INSTRUCTIONS TO FOLLOW: Only the lines below from the one that contains "Light Luxury Office" through the one that contains "- Each cell" should appear in your answer, exact and without pictures.

DATA EXTRACTS:
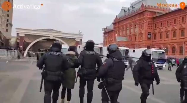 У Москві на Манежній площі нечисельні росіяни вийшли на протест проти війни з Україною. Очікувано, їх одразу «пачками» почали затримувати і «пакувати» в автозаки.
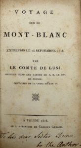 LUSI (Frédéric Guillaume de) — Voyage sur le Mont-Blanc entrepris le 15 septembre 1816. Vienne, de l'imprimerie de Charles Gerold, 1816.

--

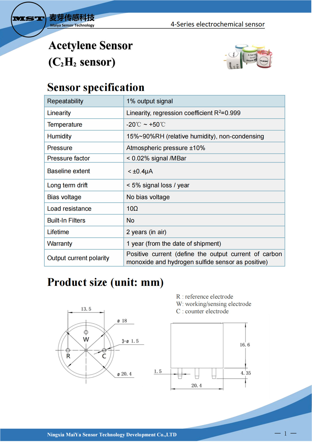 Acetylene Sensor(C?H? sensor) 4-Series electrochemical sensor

==

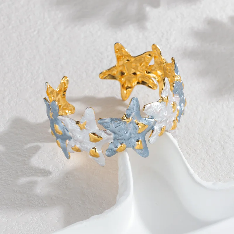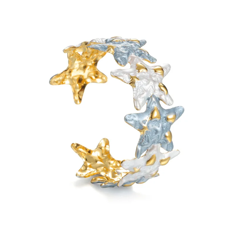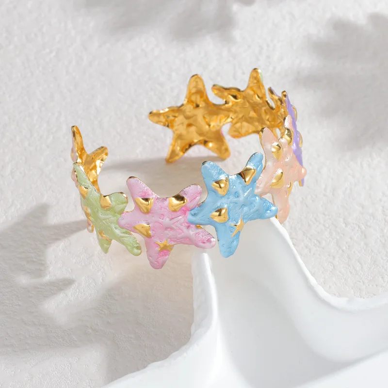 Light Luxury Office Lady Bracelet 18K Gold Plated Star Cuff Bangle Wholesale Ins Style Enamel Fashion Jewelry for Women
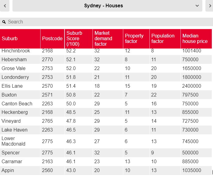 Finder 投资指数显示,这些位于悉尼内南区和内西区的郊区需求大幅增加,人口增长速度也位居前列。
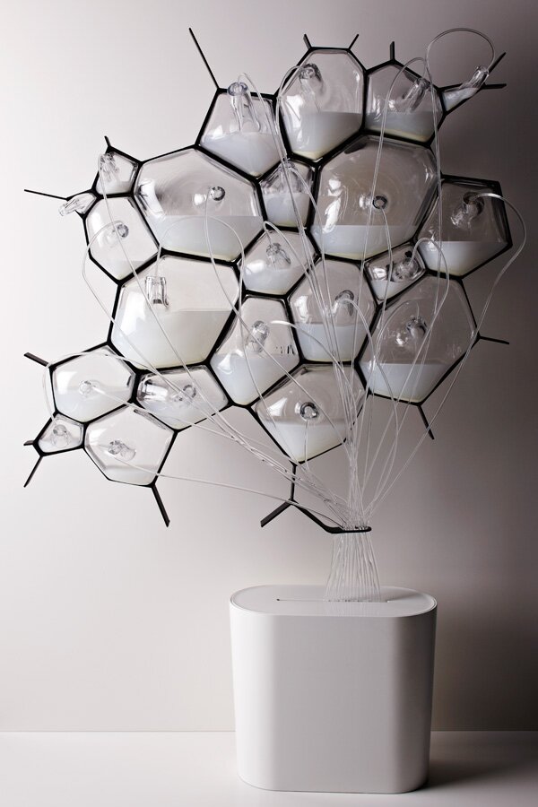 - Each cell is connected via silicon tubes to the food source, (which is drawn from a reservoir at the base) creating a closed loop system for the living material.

EXERCISE RESULT:
 Light Luxury Office Lady Bracelet 18K Gold Plated Star Cuff Bangle Wholesale Ins Style Enamel Fashion Jewelry for Women
 Finder 投资指数显示,这些位于悉尼内南区和内西区的郊区需求大幅增加,人口增长速度也位居前列。
 - Each cell is connected via silicon tubes to the food source, (which is drawn from a reservoir at the base) creating a closed loop system for the living material.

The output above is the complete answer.